Rental growth slowed to 2% across Australia in the recent December quarter, however the country still saw rents increase at a record 10.2% nationally in 2022.  

CoreLogic found the December 2022 quarter was down from 2.3% growth in the September quarter, and a peak quarterly growth rate of 3% in the three months to May. 

CoreLogic Head of Research Eliza Owen said December marked the second consecutive quarter that the pace of growth slowed, and coincided with a small lift in the rental vacancy rate to 1.17% in December. 

“The decline in quarterly rental growth rates observed in the December quarter was led by the capital cities where rents continued to increase but at a slightly slower rate than they have done in September and June quarters,” she said. 
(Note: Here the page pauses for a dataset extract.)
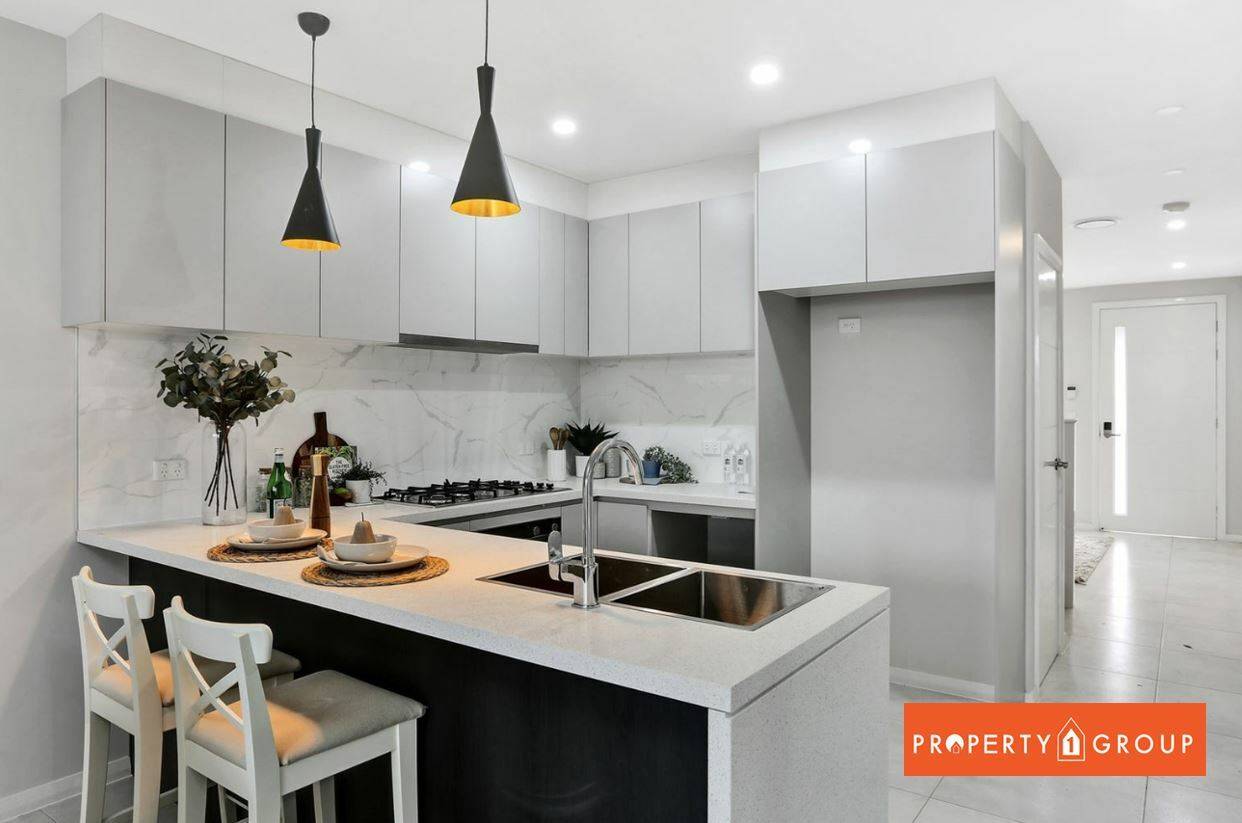 - Modern kitchen appliances with plenty of storage and 40 mm Waterfall Stone Bench top

“While a slowdown in the pace of rent rises could be a sign that the rental market is starting to shift, it’s not great news for tenants just yet. Rents are still rising in most capital cities and regional areas with vacancy rates low.” 

Source: CoreLogic

Australian rent values have lifted 22.2% since the start of the upswing in September 2020, marking the largest rental upswing on record. 

During this 27-month period, the median weekly rent valuation across Australian dwellings rose from $430 per week to $519. 

The small lift in the rental vacancy rate to 1.17% in December, up from a low of 1.05% in November and slowing rate of growth could be due to several factors, Owen said. 

“It is not entirely clear whether the rental market will continue inching toward a turning point, or if this is a temporary, seasonal reprieve due to higher new listings through December,” she said. 

“New advertised rent listings saw a seasonal peak in the four weeks to December 11th. Through this period, 50,867 new advertised rental listings were counted by CoreLogic, which is the highest volume observed since mid-February, another seasonal high point. 

“However, it’s important to recognise despite the increase in rental listings, the figures remain -13.8% lower than the previous five-year average for this time of year.” 

Source: CoreLogic

With another seasonal uplift in advertised rents expected in the next few weeks, rental growth could ease further. 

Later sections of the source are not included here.